In any event, we obtain the identity

$$\sum_{k=0}^8\frac{x^k}{k!}=\frac{2917}{2304}+\frac{10417}{9216}T_1(x)+\frac{139}{512}T_2(x)+\frac{227}{5120}T_3(x)+\frac{7}{1280}T_4(x)+\frac{5}{9216}T_5(x)+\frac{1}{23040}T_6(x)+\frac{1}{322560}T_7(x)+\frac{1}{5160960}T_8(x)$$

The last two terms are already rather tiny ($\approx3.1\times10^{-6}$ and $\approx1.9\times10^{-7}$, respectively), so we try chopping off the last two terms (keep terms up to $T_6(x)$) and re-expanding back to a monomial series. Doing this gives the polynomial (with coefficients in approximate decimal format)
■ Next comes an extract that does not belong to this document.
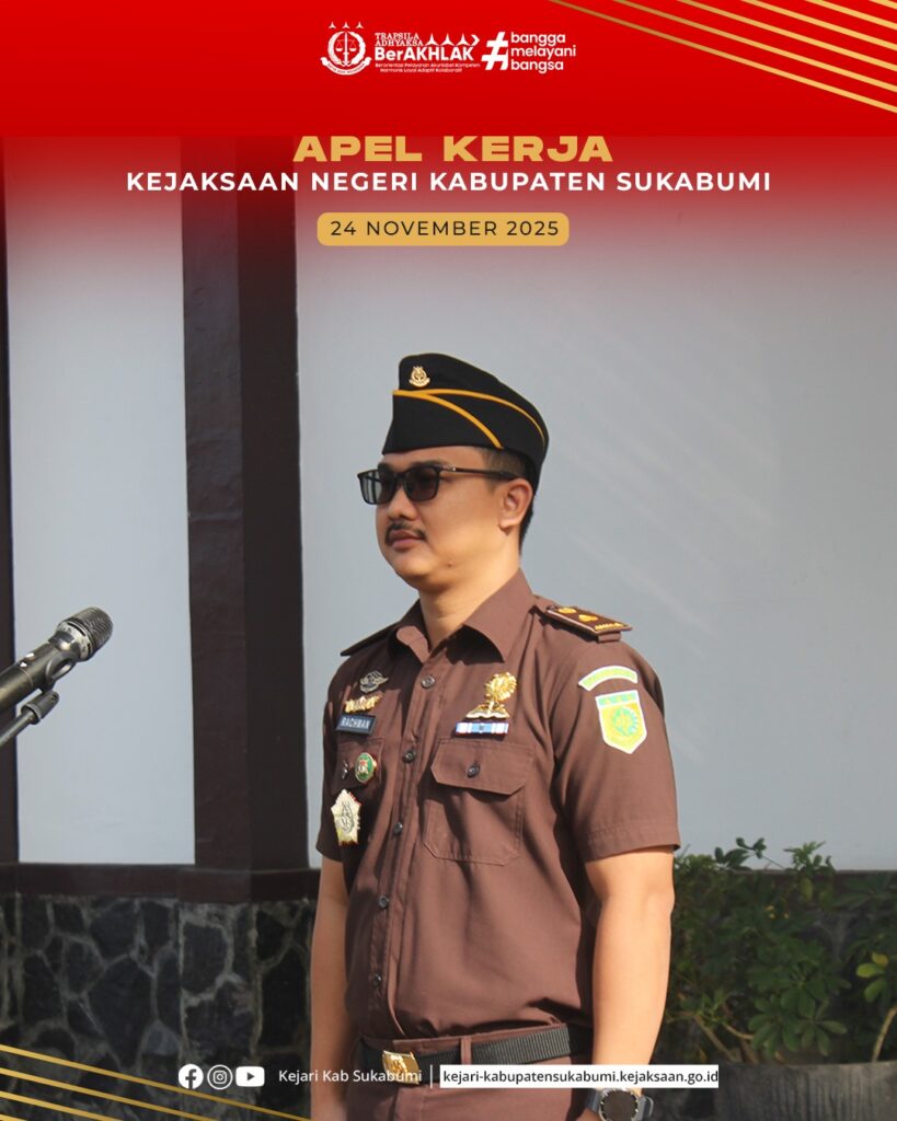 Pada Senin, 24 November 2025, Kejaksaan Negeri Kabupaten Sukabumi melaksanakan Apel Kerja bertempat di halaman kantor. Apel ini dipimpin oleh Kepala Seksi Intelijen, Fahmi Rachman, S.H., M.H., dan diikuti oleh para Kepala Seksi serta seluruh pegawai Kejari Kabupaten Sukabumi. Kegiatan apel rutin ini bertujuan memperkuat kedisiplinan, meningkatkan semangat kerja, serta menyamakan langkah dalam pelaksanaan tugas dan pelayanan publik. Melalui apel pagi yang konsisten, Kejaksaan RI terus mendorong terciptanya kinerja yang profesional, berintegritas, dan sejalan dengan nilai Trapsila Adhyaksa Berakhlak.

$$p(x)=0.99999980623759920635+1.0000217013888888889 x+0.50000620039682539683 x^2+0.16649305555555555556 x^3+0.041635664682539682540 x^4+0.0086805555555555555556 x^5+0.0014384920634920634921 x^6$$

Let's try plotting $p(x)-\exp\,x$ over $[-1,1]$:

Not counting the endpoints, we see six extrema in the plot, showing off the equiripple behavior of a Chebyshev economization.